Un blog sans langue de bois sur la littérature. Pour me contacter : annesophiedemonchy [@]lalettrine.fr
Je viens encore de lire un très bon roman, Jimmy le terroriste, d’Omair Ahmad (aux éditions Phulippe Picquier). A priori, le titre n’est pas très heureux et en même temps, il est très bien choisi. En effet, le roman retrace le destin d’un jeune homme, Jamaal, surnommé Jimmy, battu à mort par des policiers après avoir poignardé l’un des leurs. Vous croyez que je vous ai raconté la fin et qu’il n’est plus la peine de lire ce si bon roman ? Erreur : cette information nous est donnée dès le prologue.
Ce qui fait le sel de Jimmy le terroriste, ce n’est pas cet acte terrible, c’est le chemin qu’a parcouru Jamaal pour en arriver à ce point sans retour : le meurtre d’un policier. Parce que Jamaal n’est pas un bad boy. Il n’appartient pas à une bande de mauvais garçon. Il est exactement le contraire. Et son acte, si on ne le situe pas dans son contexte est incompréhensible.
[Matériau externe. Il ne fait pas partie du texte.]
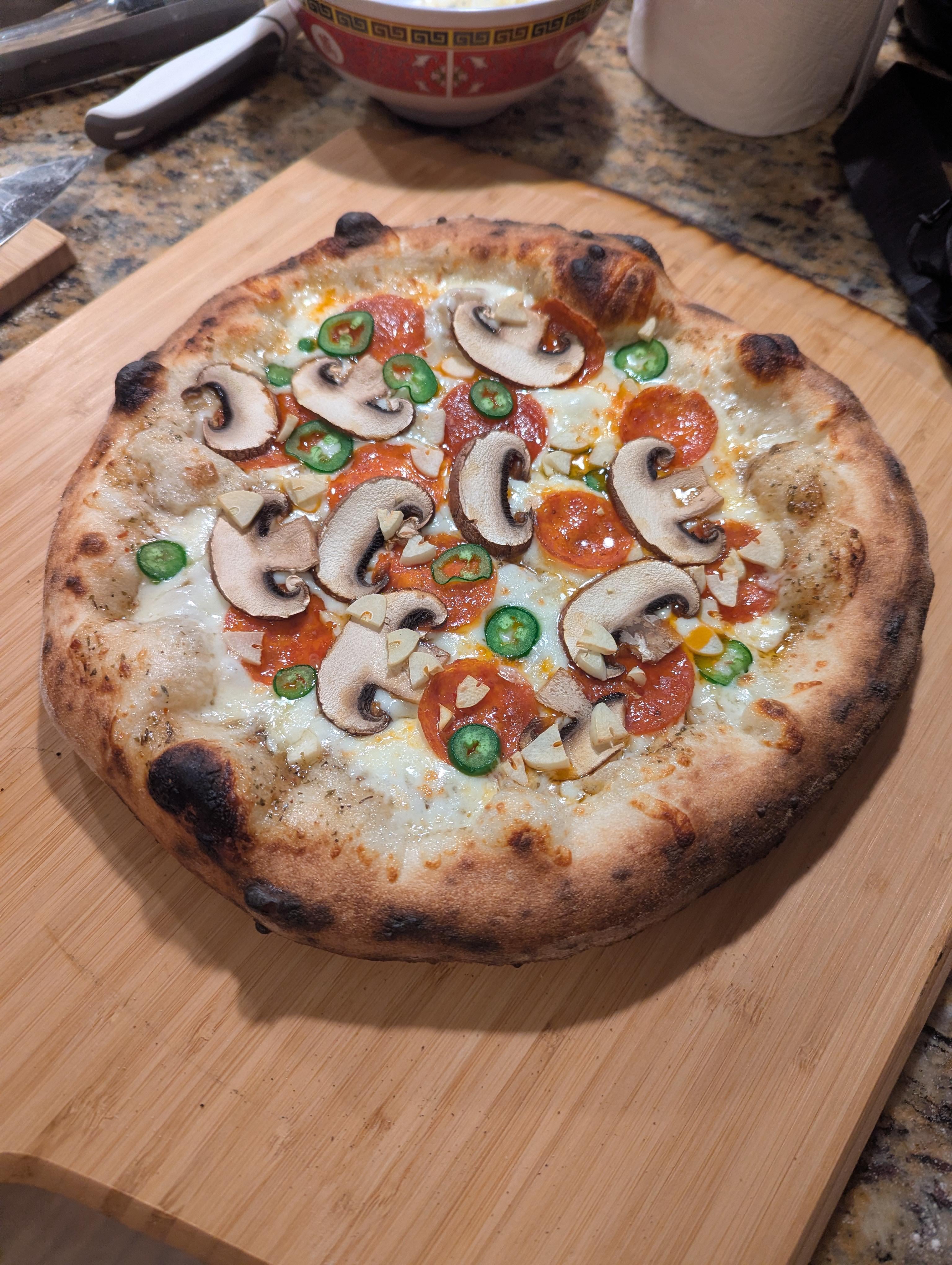 Pepperoni, mushroom, jalapeno, and garlic on a garlic parmesan base with LMWM mozz. Dough was a 24hr proof at 60% hydration, fired in the Ooni Koda 16. by r0botdevil outdoor ovenpizza 1 Comment Vast_Serve_7538 1 hour ago Looks yum! Unsolicited idea: I sauté mushrooms before I put them on as toppings so they’re real nice and cooked when the pizza is done.Write A CommentYou must be logged in to post a comment.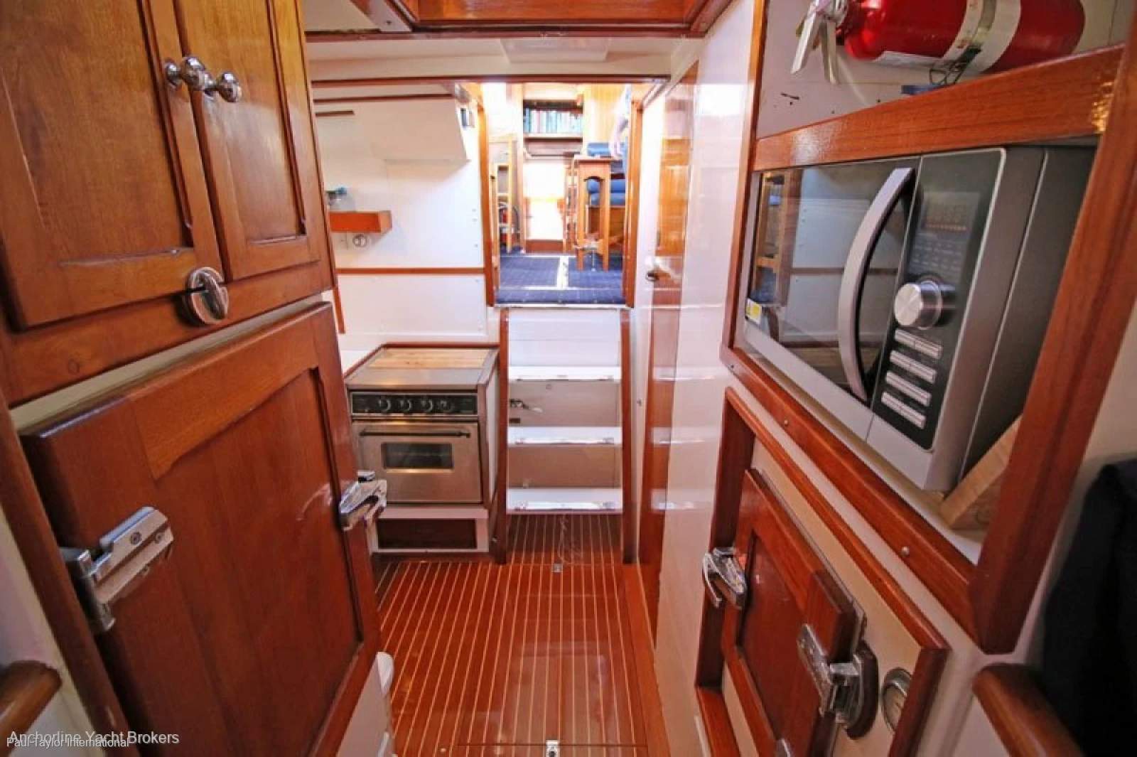 The galley is conveniently positioned forward of the main saloon and fully equipped for onboard living:

Jimmy le terrorisme se situe dans une ville imaginaire de Moazzamabad, dans la partie nord de l'Uttar Pradesh, en Inde dans les années 1990. Les musulmans sont menacés par les hindous qui règnent en maître sur la ville, détruisent les mosquées. C’est dans ce contexte d’insécurité, de violence et d’humiliation que grandit Jamaal.
Orphelin de mère, Jamaal se retrouve seul auprès d’un père qui ne le comprend pas. En quoi se différencie-t-il de la plupart des enfants ? Son père, après avoir été renvoyé de l’université, décide d’enseigner à l’école coranique. Jamaal évolue dans un milieu très religieux, et est au plus près des conflits qui déchirent l’Inde. Il est fatalement beaucoup plus sensible que la plupart de ses camarades aux conflits opposant les musulmans et les hindous. Pourtant, Jimmy est un garçon tranquille, qui ne cherche pas les histoires, se tient à l’écart des autres. Et pourtant, la situation politique et religieuse empêche Jamaal d’évoluer paisiblement à Mozaamabad. Le danger imminent partout instille en lui une peur, une angoisse incommensurables.
Omair Ahmad est un vrai conteur : Jimmy le terroriste se lit d’une traite, avec un très grand plaisir. On s’attache d’abord au père Rafiq, qui rêve de s’élever dans la société, puis à la mère, qui meurt suite à son accouchement, et enfin à Jamaal, le héros, qui, pourtant ne commet aucun acte héroïque. Le roman tend à montrer que ce garçon n’avait pas d’autre choix que de passer à l'acte : parce qu’il se trouve dans ce lieu à ce moment précis, Jimmy a été contraint de commettre cet acte irréparable, la mort du policier.
Je vous recommande très chaleureusement ce roman qui est un concentré de vie : on y rit, on y pleure, on se berce d’illusion, on éprouve de la tendresse puis de la pitié pour Jamaal. Bref, Jimmy le terroriste est un roman très attachant qui permet à la fois un certain dépaysement mais aussi un retour sur soi : les conditions géographiques et politiques conditionnent-elles nos choix de vie ? Je vous laisse découvrir ce magnifique roman et attend vos réactions.